# Why does the flat part of the BER curve appear after the Viterbi decoder (MatLab)?

I am trying to implement convolutional codes according to this MathWorks example in MatLab 2014a.

clear; close all; clc
rng default
M = 4;                 % Modulation order
k = log2(M);            % Bits per symbol
EbNoVec = (0:20)';       % Eb/No values (dB)
numSymPerFrame = 100000;   % Number of QAM symbols per frame

modul = comm.RectangularQAMModulator(M, 'BitInput', true);
berEstSoft = zeros(size(EbNoVec));

trellis = poly2trellis(7,[171 133]);
tbl = 32;
rate = 1/2;

decoders = comm.ViterbiDecoder(trellis,'TracebackDepth',tbl,...
'TerminationMethod','Continuous','InputFormat','Unquantized');

for n = 1:length(EbNoVec)
% Convert Eb/No to SNR
snrdB = EbNoVec(n) + 10*log10(k*rate);
% Noise variance calculation for unity average signal power.
noiseVar = 10.^(-snrdB/10);
% Reset the error and bit counters
[numErrsSoft, numErrsHard, numBits] = deal(0);

while numErrsSoft < 100 && numBits < 1e7
% Generate binary data and convert to symbols
dataIn = randi([0 1], numSymPerFrame*k, 1);

% Convolutionally encode the data
dataEnc = convenc(dataIn, trellis);

% QAM modulate
txSig = step(modul, dataEnc);

% Pass through AWGN channel
rxSig = awgn(txSig, snrdB, 'measured');

% Demodulate the noisy signal using hard decision (bit) and
% soft decision (approximate LLR) approaches.
demods = comm.RectangularQAMDemodulator(M, 'BitOutput', true, ...
'DecisionMethod', 'Approximate log-likelihood ratio',...
'VarianceSource', 'Property', 'Variance', noiseVar);
rxDataSoft = step(demods, rxSig);

% Viterbi decode the demodulated data
dataSoft = step(decoders, rxDataSoft);

% Calculate the number of bit errors in the frame. Adjust for the
% decoding delay, which is equal to the traceback depth.
numErrsInFrameSoft = biterr(dataIn(1:end-tbl), dataSoft(tbl+1:end));

% Increment the error and bit counters
numBits = numBits + numSymPerFrame*k;

end

% Estimate the BER for both methods
end

semilogy(EbNoVec, berEstSoft,'-o','LineWidth', 1.5)
hold on
legend('Soft','location','best')
grid
xlabel('Eb/No (dB)')
ylabel('Bit Error Rate')


And I am confused about the obtained curve:

Why does not the BER curve decrease exponentially after the 5dB? Have anybody faced this issue before?
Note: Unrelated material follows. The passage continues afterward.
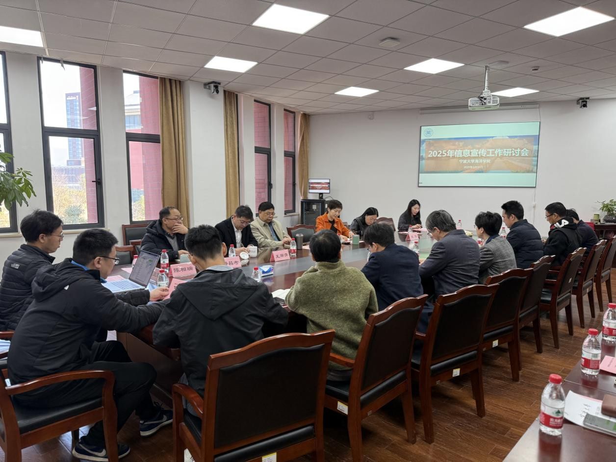 在梅山校区竺银康楼303会议室召开2025年信息宣传工作研讨会。校党委宣传部副部长王湖清、学院党政班子全体成员、全体兼职信息员等30余人参会,共商新形势下学院宣传思想工作创新发展之路。

• Error floors are not uncommon for iterative ECC's: en.wikipedia.org/wiki/Error_floor Jul 17, 2019 at 8:24
• @Florian I believe this is not iterative ecc. Jul 17, 2019 at 9:10
• @vovenur try increasing numBits to a greater value, 1e9 for example. Jul 17, 2019 at 9:11
• the term 1e7 is keeping the BER curve from decreasing below $10^{-7}$. Change it to 1e8 or 1e9 and you will see a different curve. Jul 18, 2019 at 7:35
• @AhmadBazzi there is a chance that the BER curve drop below $10^{-7}$ with numBits < 1e7. I think the fair explaination is what MarcusMuller has shown in his answer: numBits < 1e7 makes simulated BER values around $10^{-7}$ unreliable. Jul 19, 2019 at 9:15

while numErrsSoft < 100 && numBits < 1e7


Nope, you can't stop after 10⁷ bits if you're after error rates < 10⁻⁶. That means you expect to see less than 10 bit errors. That's not a sufficient statistic!

So, this is where I know your curve becomes unreliable, anyway.
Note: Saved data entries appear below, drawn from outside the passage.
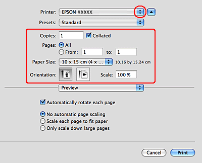 Vælg den printer, du bruger, som indstilling for Printer. Vælg derefter indstillinger for Copies & Pages.
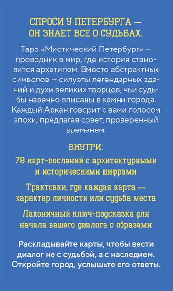 Не предсказывайте будущее — исследуйте наследие. Закажите колоду «Мистический Петербург» и начните свой диалог с гениями места.
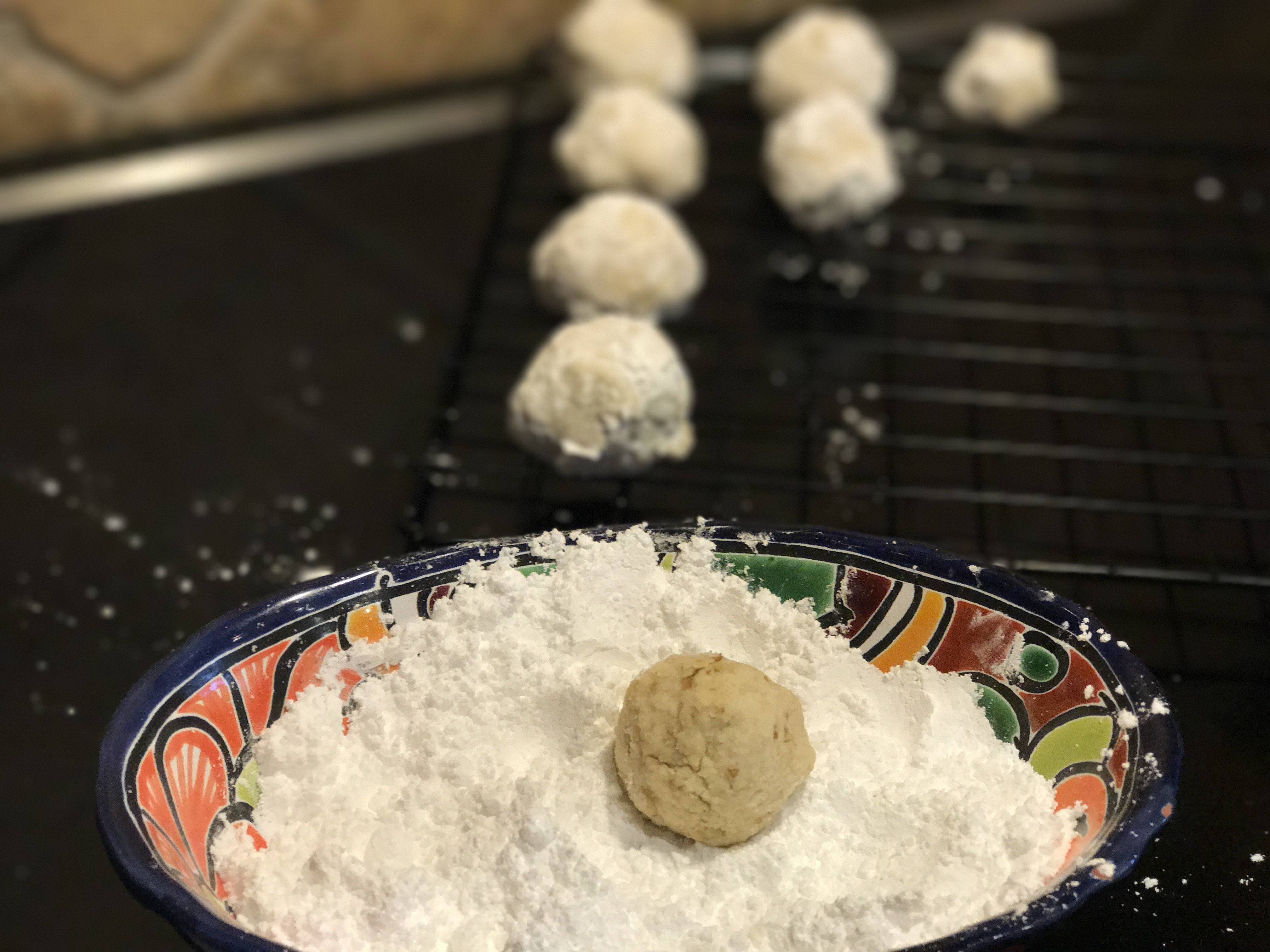Step 7: Cool the cookies on a baking rack for 2 minutes. While the cookies are still warm, roll in the confectioners sugar, and place back on the cooling rack.

You might still be running into some error flow due to the implementation, but I can't look inside Matlab's implementation of neither the QAM decision nor its Viterbi, so these are "meh" at best for scientific considerations about the nature of Viterbi.
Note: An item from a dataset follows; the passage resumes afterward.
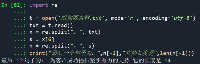 print("最后一个句子为:",n[-1],"它的长度是",len(n[-1]))

It's an old topic but could help others.

I see two possible issues:

• A wrong scaling on the Viterbi decoder inputs:

1. Try to force using hard decision bit input to check that BER error floor is not there anymore. Note that Hard decision downgrades BER performance by around 3 dB.
2. Work/Understand Soft decision normalization in your chain. It can be a scale factor or representation issue.
• Viterbi trellis initialization state: There might be some errors on the first bits going out from the decoder due to the initialization of the trellis. You could check if the errors are just at the beginning or spread randomly on the output

Still, it is recommended to reach 100 errors to have a reliable BER measure. Thus, for a 10-7, you should simulate 100*10-7 bits transmitted

I agree with Marcus Müller. In Monte Carlo simulations, due to the limited amount of trials, after a point, you come up with an error floor. To overcome this, the only way is to increase the number of trials (in other words, numbers of iterations).